● **Work order**
Retype word for word the line containing "A 19th Century" and each line that follows it in the records below, through the last one, with no pictures.

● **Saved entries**
====================

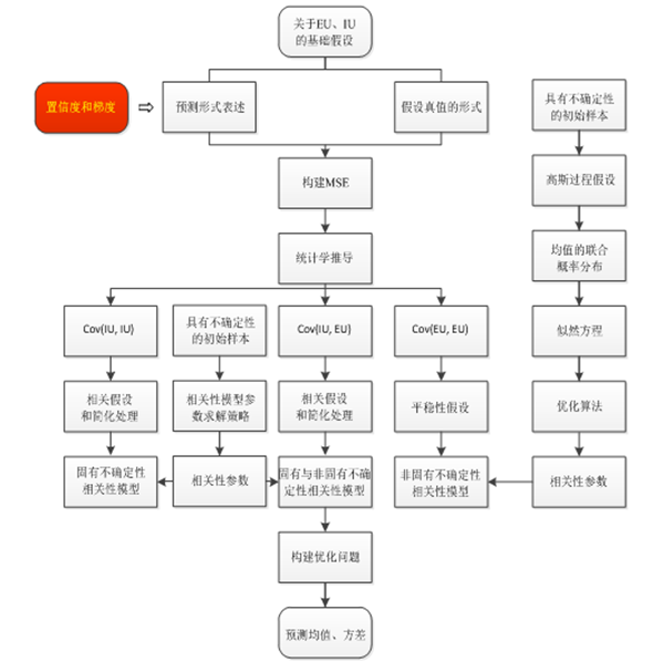 目前,无人飞行器实验室已经在随机代理模型建模方面开展了大量工作,以统计学理论为背景的梯度增强Stochastic Co-Kriging随机代理模型建模,同时以均方差积分为基础构建试验设计准则,发展基于该随机代理模型的试验设计方法,并将所构建方法运用于CFD非嵌入式不确定性量化问题,通过所构建随机代理模型精准高效的统计信息预测大幅缩减非嵌入式不确定性量化过程中的计算量,为基于CFD的不确定性研究提供有效手段和技术支撑。研究人员通过引入梯度和变置信度的概念研究了假设真值、估计形式、均方差的定义形式以及推导过程中假设的合理运用,建立了固有和非固有不确定性相关性模型(如图2),探索了相关性参数的求解方案和更为高效的梯度增强Stochastic Co-Kriging模型的构建方法等,研究了梯度增强Stochastic Co-Kriging模型预测能力及相关参数对结果的影响等。下一步拟构建三阶段序贯DOE方法,对初始化策略、预估方法、本阶段最终采样进行探索,同时开展基于所构建模型在验证算例和实际不确定性量化问题中的测试评估工作。
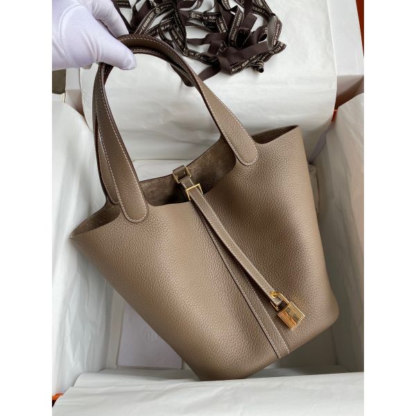 Hermes Picotin Lock 22 Handmade Bag in Taupe Clemence Leather
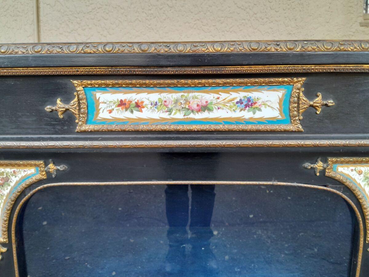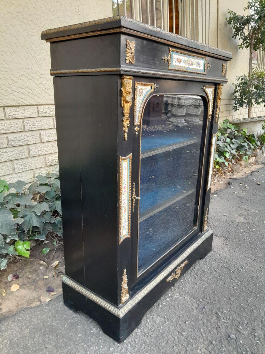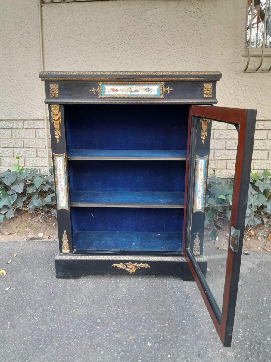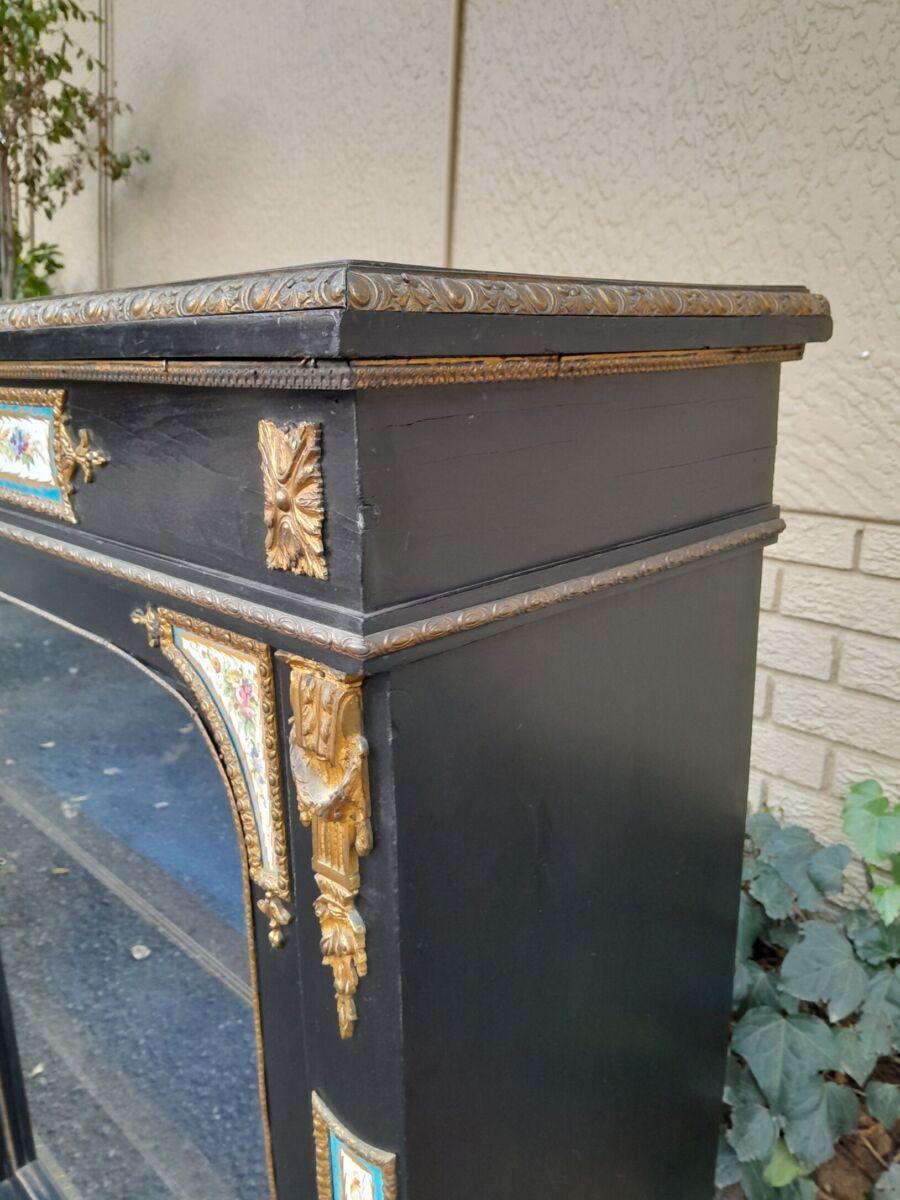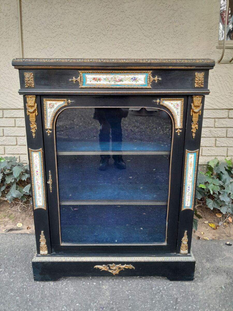 A 19th Century French Ebonised Pier Cabinet And Ormolu Mounts And Porcelain
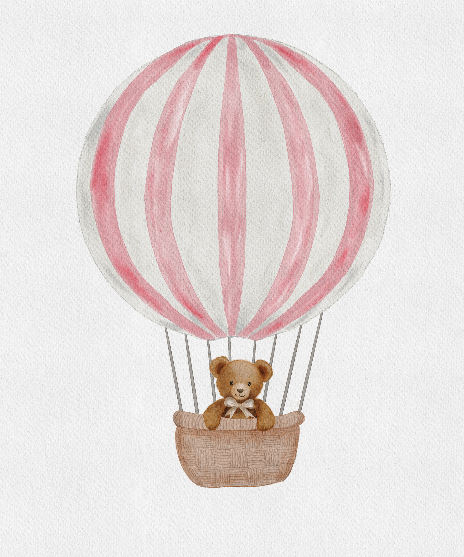 This watercolor print captures a teddy bear drifting peacefully in a hot air balloon, rendered in serene pink hues. The delicate brushwork conveys both warmth and whimsy, making it an ideal addition to nurseries or children's rooms. A refined piece that celebrates imagination with understated elegance.
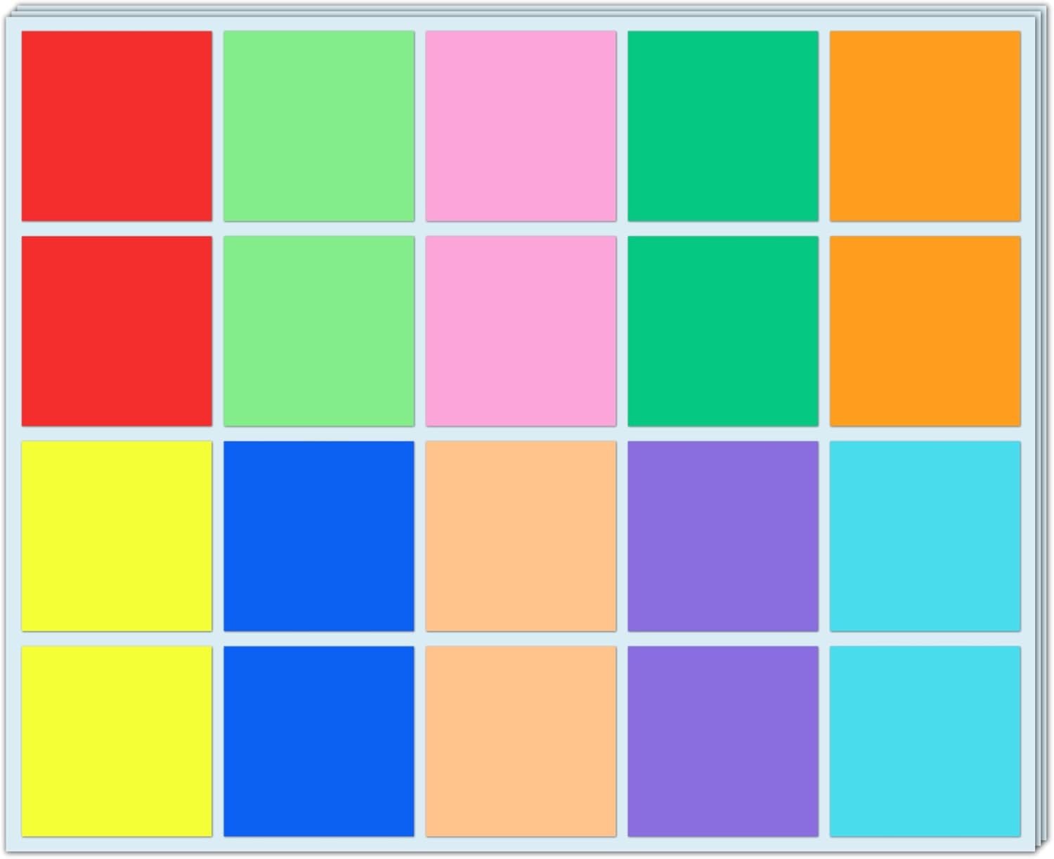 - 10 Assorted Colors. Red, Light Green, Pink, Green, Orange, Yellow, Blue, Light Orange, Purple, and Light Blue

====================

● **Output below**
 A 19th Century French Ebonised Pier Cabinet And Ormolu Mounts And Porcelain
 This watercolor print captures a teddy bear drifting peacefully in a hot air balloon, rendered in serene pink hues. The delicate brushwork conveys both warmth and whimsy, making it an ideal addition to nurseries or children's rooms. A refined piece that celebrates imagination with understated elegance.
 - 10 Assorted Colors. Red, Light Green, Pink, Green, Orange, Yellow, Blue, Light Orange, Purple, and Light Blue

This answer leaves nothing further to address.